**Exercise instructions**
For every entry below, give an exact repeat and leave out the pictures.

**Task data**
--- START ---

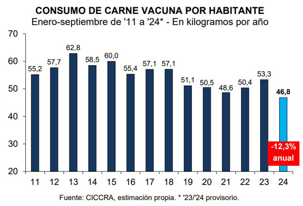 Durante los primeros nueve meses de 2024, el promedio por persona fue de 46,8 kilos al año. En septiembre, la merma en el aumento de los precios no se condijo con un repunte de la demanda.
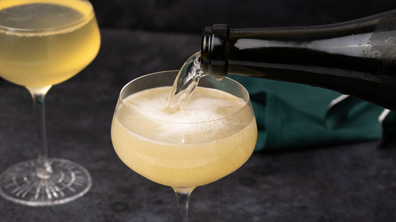 While it may seem an obvious point to make, you will always want to add the fizzy components of a cocktail after it has been shaken, else you'll just end up with a big mess to clean up. To finish off this elegant cocktail, pour the shaker contents into your chosen glass; we recommend either a coupe glass or a champagne flute for this beverage and then top it with the sparkling wine of your choice — chilled, of course.
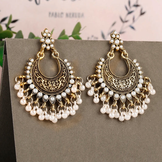 Luxury Retro Big Sector Carved Indian Earrings For Women Piercing Ethnic Bollywood Pearl Tassel Earrings
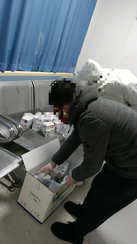 志愿者在医院领药。图/受访者提供
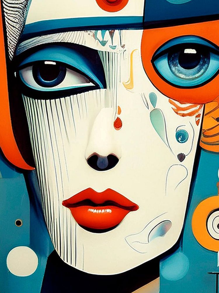 Le portrait de Turgo montre une femme dans une image vigoureuse et stylisée qui semble s'inspirer de l'art abstrait du 20e siècle. Le visage de la femme est asymétrique et décomposé en formes géométriques, ce qui rappelle le style du cubisme ou du surréalisme. Son œil droit est grand et représenté de manière hyperréaliste dans un bleu vif, mis en valeur par un cercle orange et des lignes noires. Son œil gauche, au contraire, semble presque abstrait, avec une ligne de cils allongée. Sa tête est recouverte d'une structure complexe composée de formes jaunes, bleues et blanches, ainsi que de fines lignes parallèles qui donnent de la texture aux cheveux. Le fond est d'un bleu turquoise vif, rempli de cercles et de demi-cercles orange, blancs et noirs qui ressemblent à des planètes flottantes ou à des symboles abstraits. Ces éléments créent une atmosphère dynamique et pleine d'énergie. Le choix des couleurs - en particulier l'interaction entre le turquoise, l'orange et le jaune - est très audacieux et expressif. Le cou de la femme est orné d'un motif voyant à rayures rouges et blanches, qui rappelle un thème maritime et crée un contraste surprenant avec les autres éléments. Dans l'ensemble, l'image est une représentation puissante et ludique, un mélange fascinant de rigueur géométrique et de palette de couleurs vives.

--- END ---

**Task result**
 Durante los primeros nueve meses de 2024, el promedio por persona fue de 46,8 kilos al año. En septiembre, la merma en el aumento de los precios no se condijo con un repunte de la demanda.
 While it may seem an obvious point to make, you will always want to add the fizzy components of a cocktail after it has been shaken, else you'll just end up with a big mess to clean up. To finish off this elegant cocktail, pour the shaker contents into your chosen glass; we recommend either a coupe glass or a champagne flute for this beverage and then top it with the sparkling wine of your choice — chilled, of course.
 Luxury Retro Big Sector Carved Indian Earrings For Women Piercing Ethnic Bollywood Pearl Tassel Earrings
 志愿者在医院领药。图/受访者提供
 Le portrait de Turgo montre une femme dans une image vigoureuse et stylisée qui semble s'inspirer de l'art abstrait du 20e siècle. Le visage de la femme est asymétrique et décomposé en formes géométriques, ce qui rappelle le style du cubisme ou du surréalisme. Son œil droit est grand et représenté de manière hyperréaliste dans un bleu vif, mis en valeur par un cercle orange et des lignes noires. Son œil gauche, au contraire, semble presque abstrait, avec une ligne de cils allongée. Sa tête est recouverte d'une structure complexe composée de formes jaunes, bleues et blanches, ainsi que de fines lignes parallèles qui donnent de la texture aux cheveux. Le fond est d'un bleu turquoise vif, rempli de cercles et de demi-cercles orange, blancs et noirs qui ressemblent à des planètes flottantes ou à des symboles abstraits. Ces éléments créent une atmosphère dynamique et pleine d'énergie. Le choix des couleurs - en particulier l'interaction entre le turquoise, l'orange et le jaune - est très audacieux et expressif. Le cou de la femme est orné d'un motif voyant à rayures rouges et blanches, qui rappelle un thème maritime et crée un contraste surprenant avec les autres éléments. Dans l'ensemble, l'image est une représentation puissante et ludique, un mélange fascinant de rigueur géométrique et de palette de couleurs vives.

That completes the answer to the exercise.